В эти дни молодого казанского ученого Симонова, прибывшего в столицу для изучения новых астрономических приборов Шуберта, направили из Академии наук на корабль, идущий к высоким широтам. Астроном был второй раз в столице, питал умилявшую его петербургских друзей почтительность к учреждениям Академии, к Адмиралтейству и, хотя раньше не собирался уходить в плаванье, назначение это принял безропотно, как уготованное ему судьбой. Он не мог даже определить, какое чувство овладело им, когда ему сообщили президентское решение. Готовые было сорваться с языка доводы о том, что в Казани некому будет проводить наблюдения за одной из комет, которая вот-вот должна появиться, что дома ждет его невеста и, наконец, что его до одури укачивает в море, — так и не были произнесены. Он стоял перед большим столом секретаря Академии, украшенным с одной стороны бюстом Коперника, с другой — Ломоносова, глядел в широкое окно на просторную панораму заново отстраивающейся Петербургской стороны, в недавнем Березового острова, на лодки, снующие возле берега, и в мыслях был уже там — где-то за Южным полюсом. Этот скачок в те приближенные мечтой дали произошел раньше, чем возникли возражения, и родил столько заманчивых, мгновенно окрыляющих представлений, что, забыв обо всем, что следовало возразить, ученый пробормотал:
— Там можно будет изучать звезды, за которыми пятьдесят лет назад наблюдал Лакайль. А изменение колебания ртути в барометре — это как раз то, о чем я недавно писал…

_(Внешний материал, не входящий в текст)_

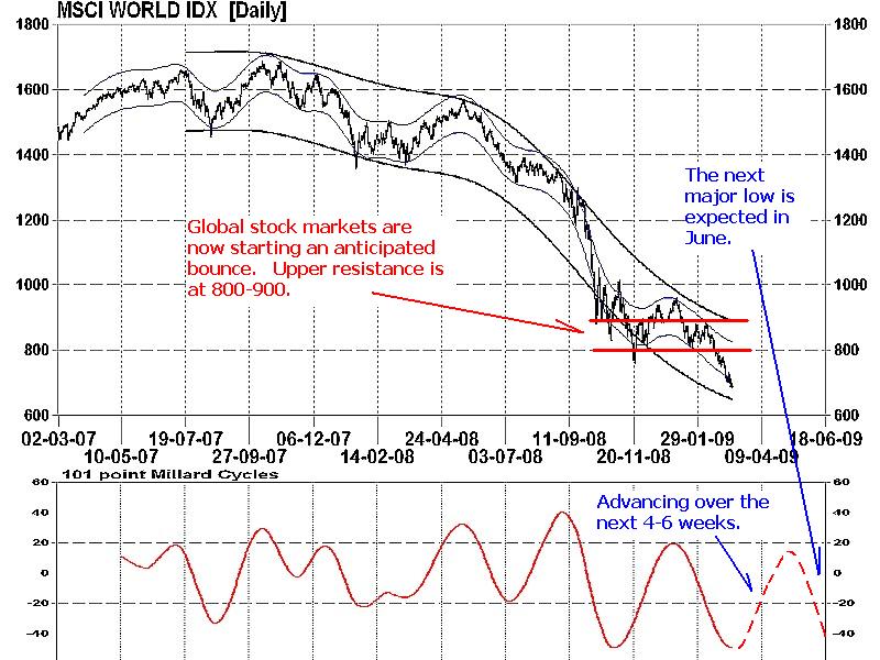 Models have indicated, for several weeks, that an advance in the equity markets during March could be expected. The positive news from Fed chairman Mr. Bernanke and Citigroup today has provided the trigger for that bounce. Technically, this upward movement is considered to be a bear market rally and is part of the on going milder downward trend in 2009. As the next major low is expected in June, this bounce should fade by mid-to-late April or before.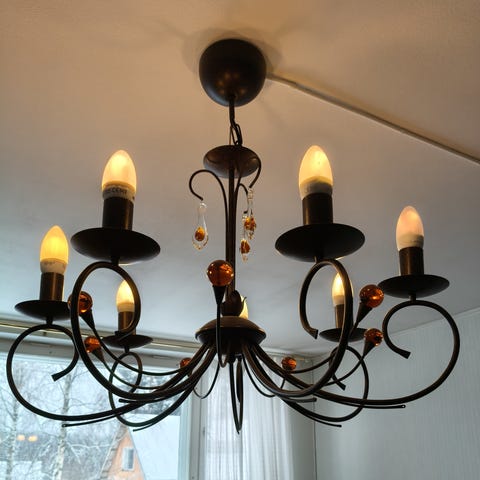 Tummanruskea valaisin. Kaikin puolin ehjä ja siisti. Pistotulppaliitäntä.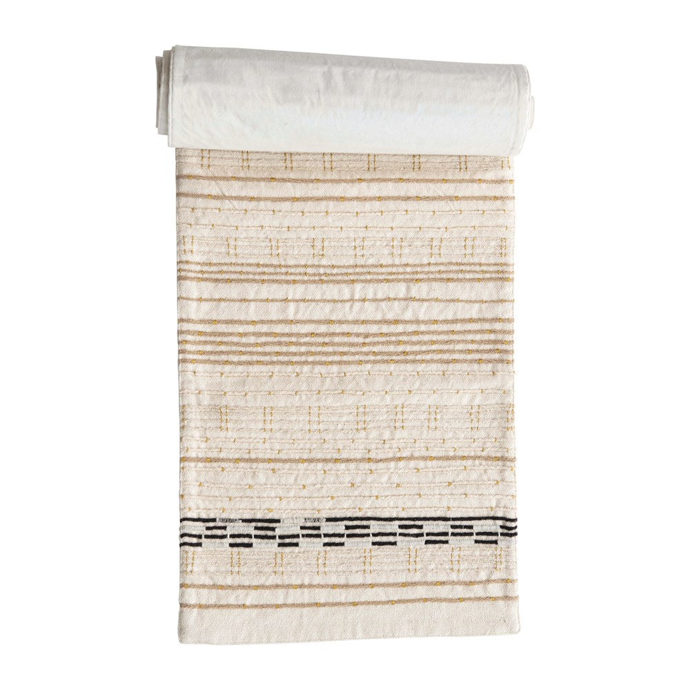 Cotton Embroidered Table Runner with Gold Metallic Stitching

Отдаленное и близкое соединялось. Находящееся где-то в немыслимом отдалении и отчуждении от всего привычного вдруг обрело не зыбкие и расплывчатые, а явственные и осязаемые формы. Ученый даже представил себе установленный на берегу телескоп, который должен проверить заключения Лакайля о звездных отсветах. И восторжествовало давнее, привитое наукой самозабвенное отношение к Академии.

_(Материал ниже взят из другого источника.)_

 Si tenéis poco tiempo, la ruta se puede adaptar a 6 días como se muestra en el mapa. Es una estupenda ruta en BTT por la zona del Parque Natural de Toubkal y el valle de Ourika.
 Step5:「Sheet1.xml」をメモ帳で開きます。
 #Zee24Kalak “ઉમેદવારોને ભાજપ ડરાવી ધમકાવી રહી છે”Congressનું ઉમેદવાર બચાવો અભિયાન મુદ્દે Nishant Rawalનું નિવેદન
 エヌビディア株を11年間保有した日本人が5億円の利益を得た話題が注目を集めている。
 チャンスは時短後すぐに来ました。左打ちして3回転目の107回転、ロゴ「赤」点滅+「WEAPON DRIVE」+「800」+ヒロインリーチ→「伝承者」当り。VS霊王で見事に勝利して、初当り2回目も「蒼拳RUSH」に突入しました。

— Когда отправляться в путь? — спросил он.
— Кажется, недели через две, — произнес секретарь, белесый старичок в парике, с узкими плечами, перетянутыми крест-накрест порыжевшими от времени лентами — наградами Екатерины. Ему было жаль астронома и оттого, что нельзя было выразить эту жалость, он стал чрезмерно важным, хмурился и не мог глядеть ученому в лицо.
— Стало быть, не успею ни собрать вещи, ни проститься с домашними?..
— Не успеете, господин Симонов! — согласился секретарь. — Будете в Рио-де-Жанейро, благоволите передать академику Лангсдорфу, что присланные им в музеум предметы испорчены дорогой и выставлены быть не могут. Еще напомните ему о присылке живой обезьяны…
Астроном не слушал. Он думал о другом. В прошлый раз, восемнадцатилетним магистром, благодарный попечителю своему профессору Разумовскому, он приезжал печатать в столице первое свое сочинение о притяжении однородных сфероидов, в котором изложил некоторые пояснения лапласовой небесной механики. На одной из дорожных станций влюбился в дочь смотрителя. Он не думал, почему на людях, на дороге, a не в городе, застигла его эта любовь и почему девушка из всех путников выбрала именно его. Теперь она ждала своего жениха в Казани. Симонова тяготила мысль о том, что ответит смотритель, когда дочь вновь вернется на станцию и скажет, что лишь через два года заедет за ней жених, возвращаясь откуда-то из заокеанья?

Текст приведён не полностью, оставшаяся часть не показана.